Dave Fargnoli, The Stage: Esta nova versão, reimaginada pelos irmãos Nina e Moses Raine, emprega uma linguagem moderna deliberadamente rústica para transmitir informações sobre os diversos antecedentes de classe dos personagens e seus diferentes graus de desafeição emocional. Cada comentário superficial é contrariado por um pronunciamento filosófico grandiloquente, cada expressão elegante é subestimada por um comentário rude e cheio de palavrões.
Andrzej Lukowski, TimeOut: E, claro, Chekhov é o elefante melancolicamente engraçado na sala agridoce aqui. Suas peças sobre o mesmo tipo de pessoas, ambientadas na mesma época, são tão popularmente imortais — sem mencionar, boas — que é difícil não comparar e contrastar. Summerfolk é uma peça excelente, mas são os momentos em que esta produção se sente menos como Chekhov — quando é mais abrangente ou mais irada — que realmente se destaca. Ainda assim, a história sugere que estamos olhando para algo como um intervalo de 25 anos até que seja encenado novamente. Então, esta é uma produção geracional, realmente, e quaisquer que sejam suas falhas, elas não devem afastá-lo de ver o tipo de revival luxuoso para o qual o NT foi feito.
Anya Ryan, London Theatre: A produção está congelada no tempo, com belos figurinos inspirados na era de Peter McKintosh; sua relevância contemporânea já é clara. Mas a equipe Raine atualiza a linguagem para o discurso moderno, criando uma dissonância estranha. Sob a direção de Robert Hastie, os membros do elenco se movem como em um circuito, em cenas de conversas pequenas e teorizações mais grandiosas. São tantos que, às vezes, fica complicado acompanhar.

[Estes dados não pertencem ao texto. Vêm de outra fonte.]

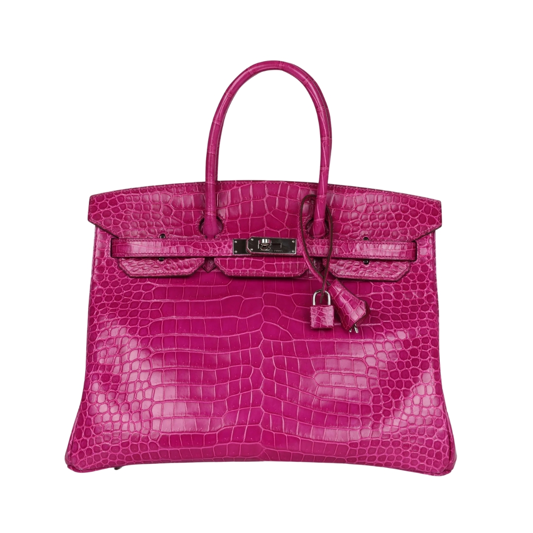 Borsa Hermès Birkin 35 in coccodrillo lucido Porosus Rose Sheherazade

Mesmo assim, o elenco é impecavelmente escolhido.
Nick Curtis, The Standard: O roteiro de Gorky foi dado uma atualização idiossincrática e frequentemente irreverente pelos irmãos Nina Raine e Moses Raine, o que será divisivo, mas que achei extremamente divertido. Uma peça sobre inação traz seus próprios problemas, no entanto: à medida que desavenças domésticas e flertes condenados se desenrolam, você espera em vão que algo significativo aconteça. Talvez seja melhor abordar Summerfolk como um humor.
Sarah Crompton, WhatsOnStage: O ponto de Gorky é político. Estes advogados, médicos e engenheiros são filhos dos pobres. Eles subiram a duras penas para alcançar riqueza e respeito, mas agora que conseguiram a superioridade, não prestam atenção àqueles que ainda lutam. A médica Maria Lvovna (Mitchell) é a única voz da consciência liberal, constantemente cutucando os outros sobre fazer o bem. Sua amiga, Varvara (Sophie Rundle, maravilhosamente passiva e ainda fervendo) vê o tédio fatal e o desperdício, mas se vê presa no mundo misógino e limitado representado por seu marido Bassov (Ready, encantador, alarmante e muito engraçado).

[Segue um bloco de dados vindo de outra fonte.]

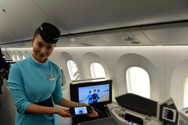 這架B787-9型飛機在客艙內可實現空地互聯(lián),旅客在飛機進入平飛狀態(tài)后,可利用電腦、iPad等設備連接客艙內Wi-Fi信號,體驗收發(fā)郵件、購物、微信等網絡服務。

Clive Davis, The Times: Frases modernas como “número apertado” são espalhadas aqui e ali. Como na tradução que Nick Dear forneceu para Nunn há um quarto de século, há uma quantidade considerável de palavrões, mas nunca é gratuito. Gorky dirigiu sua ira ao que via como a irresponsabilidade das classes médias, mas dado o que sabemos agora sobre o sistema brutal que estava prestes a varrê-los, é difícil julgá-los. E os momentos em que falam sobre o sentimento de desenraizamento que os assombra mesmo depois de terem ascendido no mundo são quase insuportavelmente comoventes. Esta é uma peça que mistura risos com lágrimas.